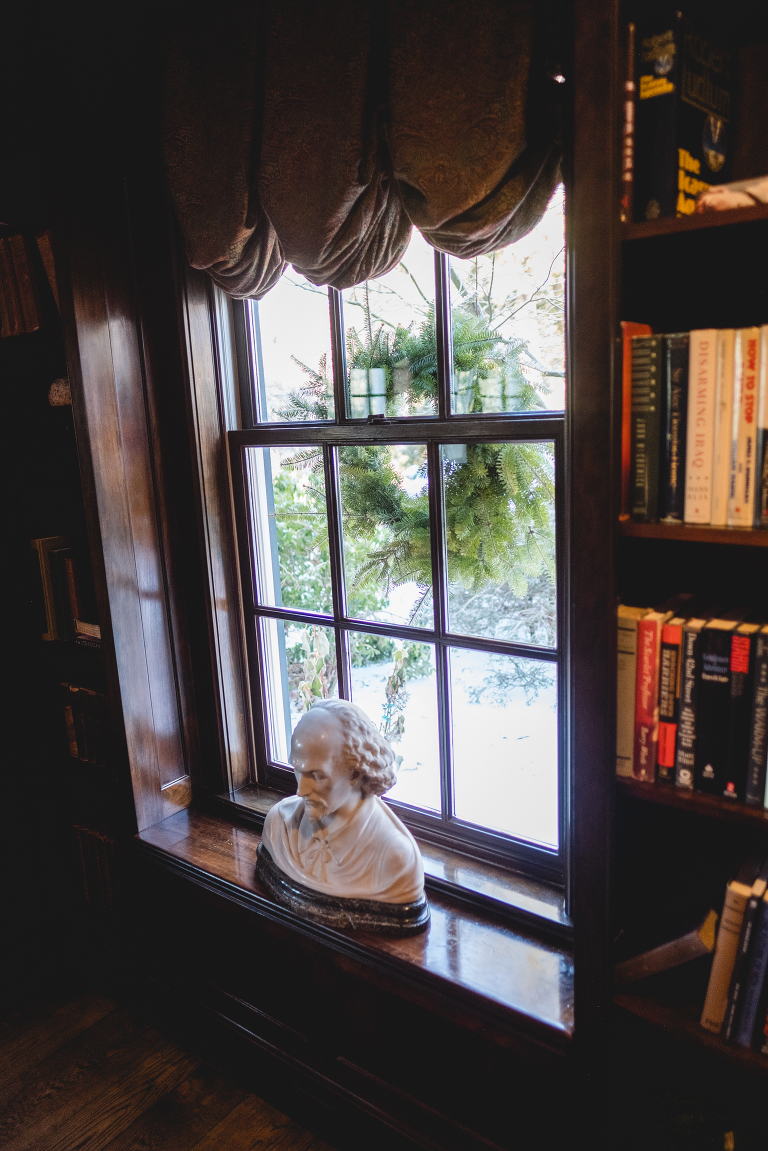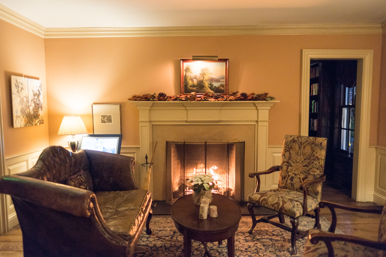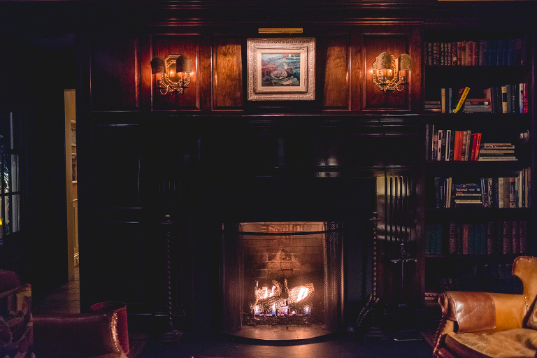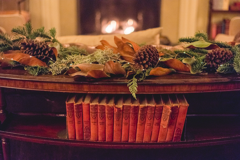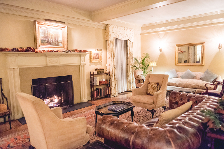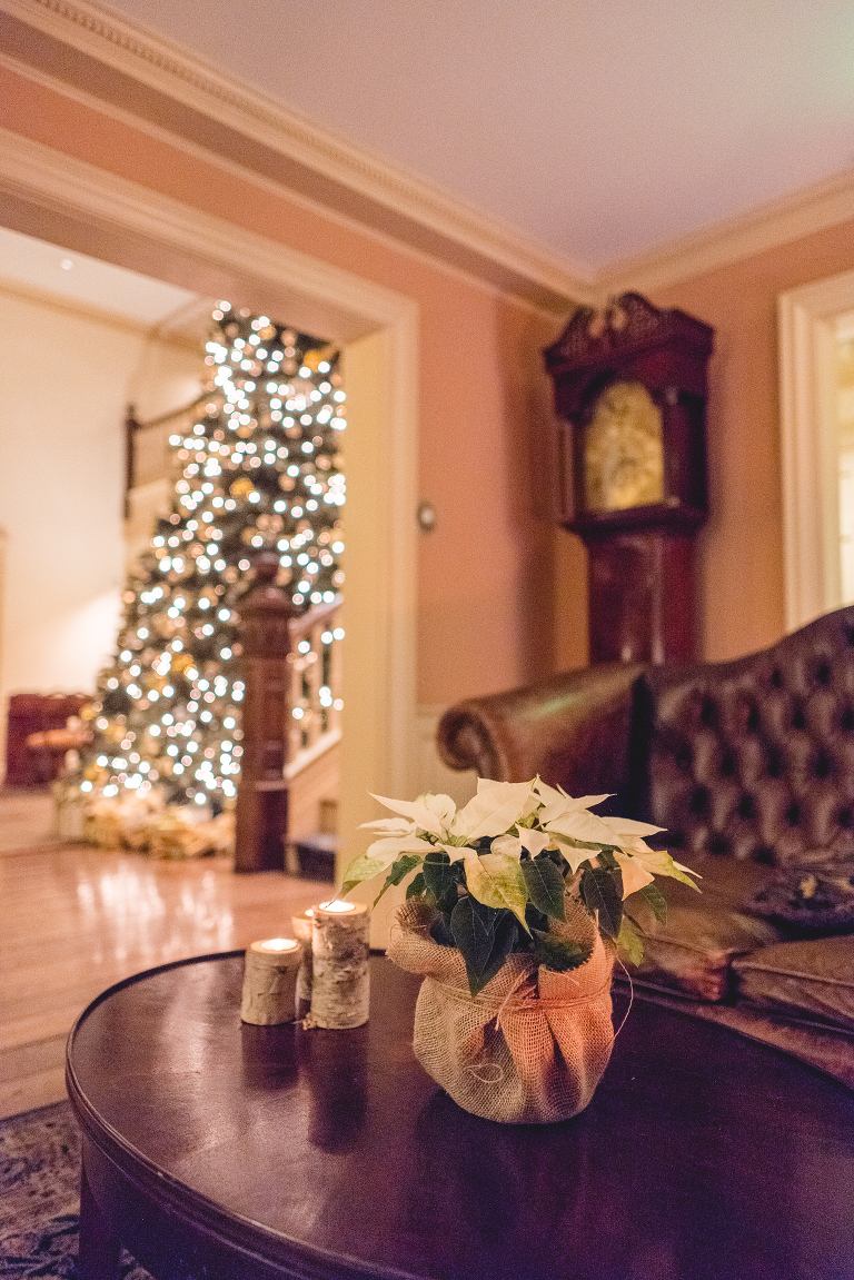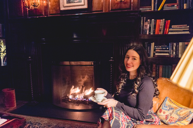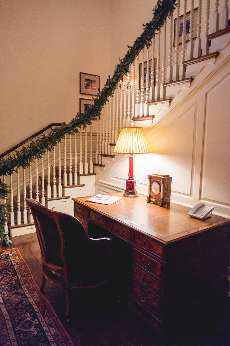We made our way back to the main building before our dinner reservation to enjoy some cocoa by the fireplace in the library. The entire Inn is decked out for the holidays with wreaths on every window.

..........

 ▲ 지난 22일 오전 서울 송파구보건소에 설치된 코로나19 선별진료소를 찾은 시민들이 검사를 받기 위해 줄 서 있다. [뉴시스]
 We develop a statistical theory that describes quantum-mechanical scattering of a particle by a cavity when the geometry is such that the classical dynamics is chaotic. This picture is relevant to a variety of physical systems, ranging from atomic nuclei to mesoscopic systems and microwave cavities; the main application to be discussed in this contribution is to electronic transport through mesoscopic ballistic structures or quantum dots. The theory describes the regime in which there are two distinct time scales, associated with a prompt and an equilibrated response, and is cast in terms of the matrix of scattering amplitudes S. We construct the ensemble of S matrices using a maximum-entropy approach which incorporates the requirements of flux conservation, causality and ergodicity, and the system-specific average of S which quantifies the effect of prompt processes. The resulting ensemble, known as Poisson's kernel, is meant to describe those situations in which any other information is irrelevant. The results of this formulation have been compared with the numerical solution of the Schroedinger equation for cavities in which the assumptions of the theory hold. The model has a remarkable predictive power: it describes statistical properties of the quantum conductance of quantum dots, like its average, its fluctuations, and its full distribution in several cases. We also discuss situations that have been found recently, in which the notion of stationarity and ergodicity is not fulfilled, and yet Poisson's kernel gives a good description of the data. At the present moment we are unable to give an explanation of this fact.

..........

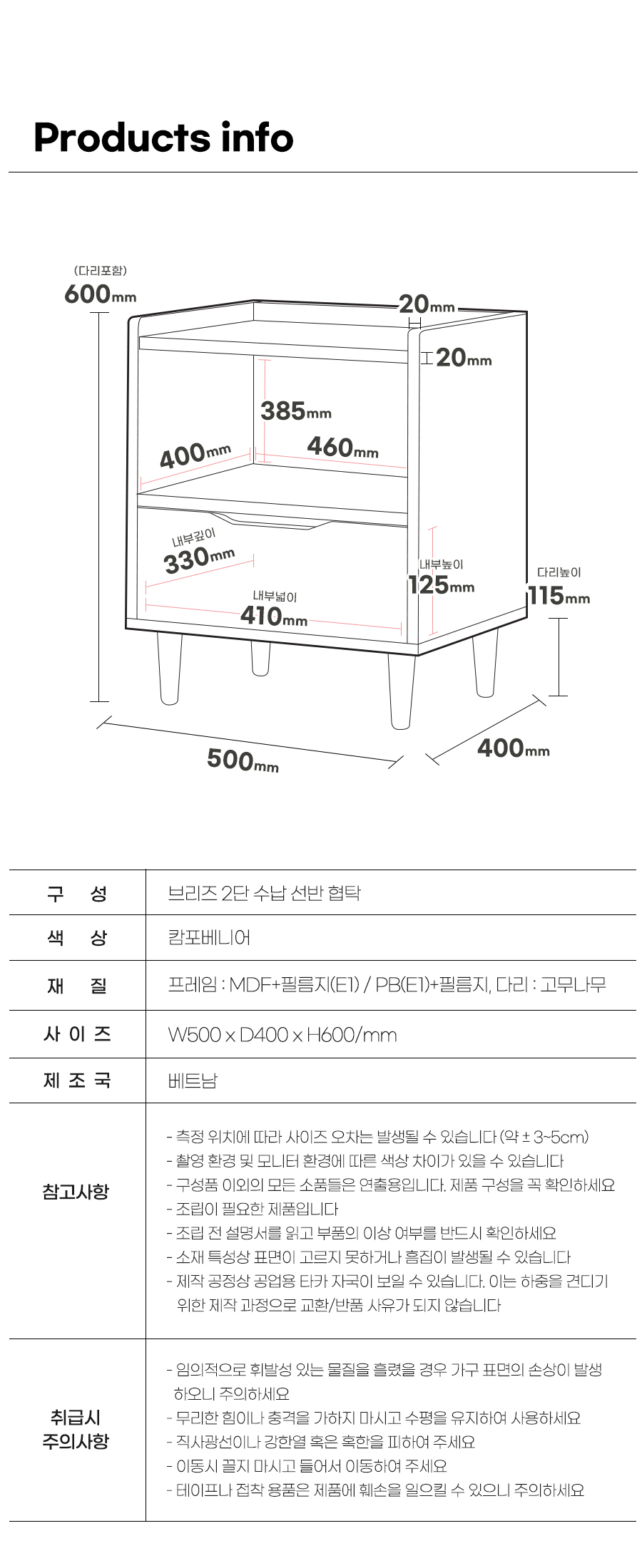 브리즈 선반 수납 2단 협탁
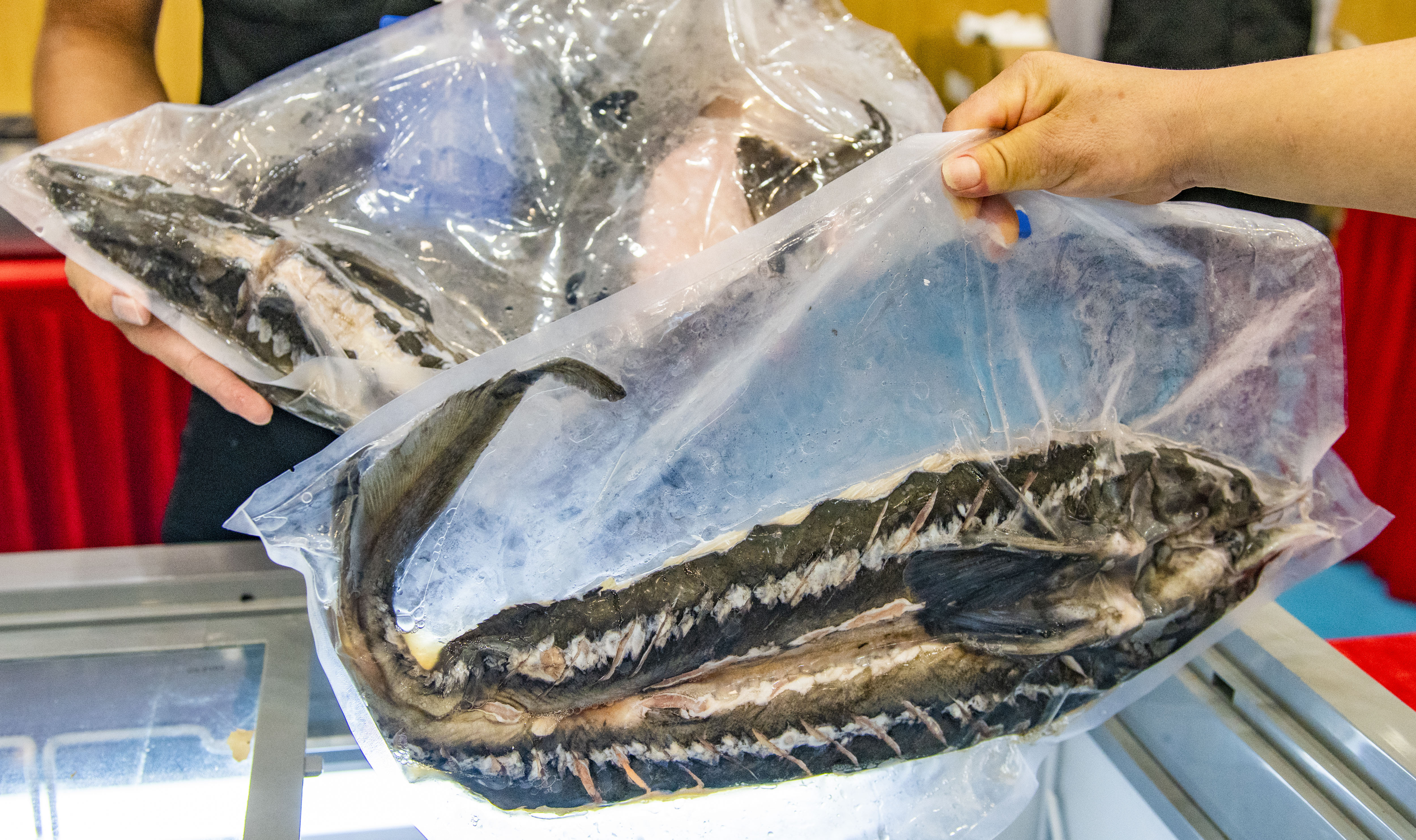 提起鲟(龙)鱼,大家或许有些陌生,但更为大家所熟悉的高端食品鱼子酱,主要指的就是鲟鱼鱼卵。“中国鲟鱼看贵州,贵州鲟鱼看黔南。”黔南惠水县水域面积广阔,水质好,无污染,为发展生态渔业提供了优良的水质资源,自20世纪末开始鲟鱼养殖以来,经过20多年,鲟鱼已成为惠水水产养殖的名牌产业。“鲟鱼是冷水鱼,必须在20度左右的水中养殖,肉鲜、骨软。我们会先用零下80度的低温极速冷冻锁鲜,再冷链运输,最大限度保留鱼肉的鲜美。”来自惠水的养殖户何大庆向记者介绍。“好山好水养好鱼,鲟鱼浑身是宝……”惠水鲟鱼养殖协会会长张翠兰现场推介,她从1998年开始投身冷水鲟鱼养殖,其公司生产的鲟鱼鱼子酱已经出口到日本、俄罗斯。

..........

When copying from the data above, print only the lines from the line containing "브리즈 선반 수납 2단 협탁" to the line containing "提起鲟(龙)鱼,大家或许有些", exactly, and leave the pictures out.

 브리즈 선반 수납 2단 협탁
 提起鲟(龙)鱼,大家或许有些陌生,但更为大家所熟悉的高端食品鱼子酱,主要指的就是鲟鱼鱼卵。“中国鲟鱼看贵州,贵州鲟鱼看黔南。”黔南惠水县水域面积广阔,水质好,无污染,为发展生态渔业提供了优良的水质资源,自20世纪末开始鲟鱼养殖以来,经过20多年,鲟鱼已成为惠水水产养殖的名牌产业。“鲟鱼是冷水鱼,必须在20度左右的水中养殖,肉鲜、骨软。我们会先用零下80度的低温极速冷冻锁鲜,再冷链运输,最大限度保留鱼肉的鲜美。”来自惠水的养殖户何大庆向记者介绍。“好山好水养好鱼,鲟鱼浑身是宝……”惠水鲟鱼养殖协会会长张翠兰现场推介,她从1998年开始投身冷水鲟鱼养殖,其公司生产的鲟鱼鱼子酱已经出口到日本、俄罗斯。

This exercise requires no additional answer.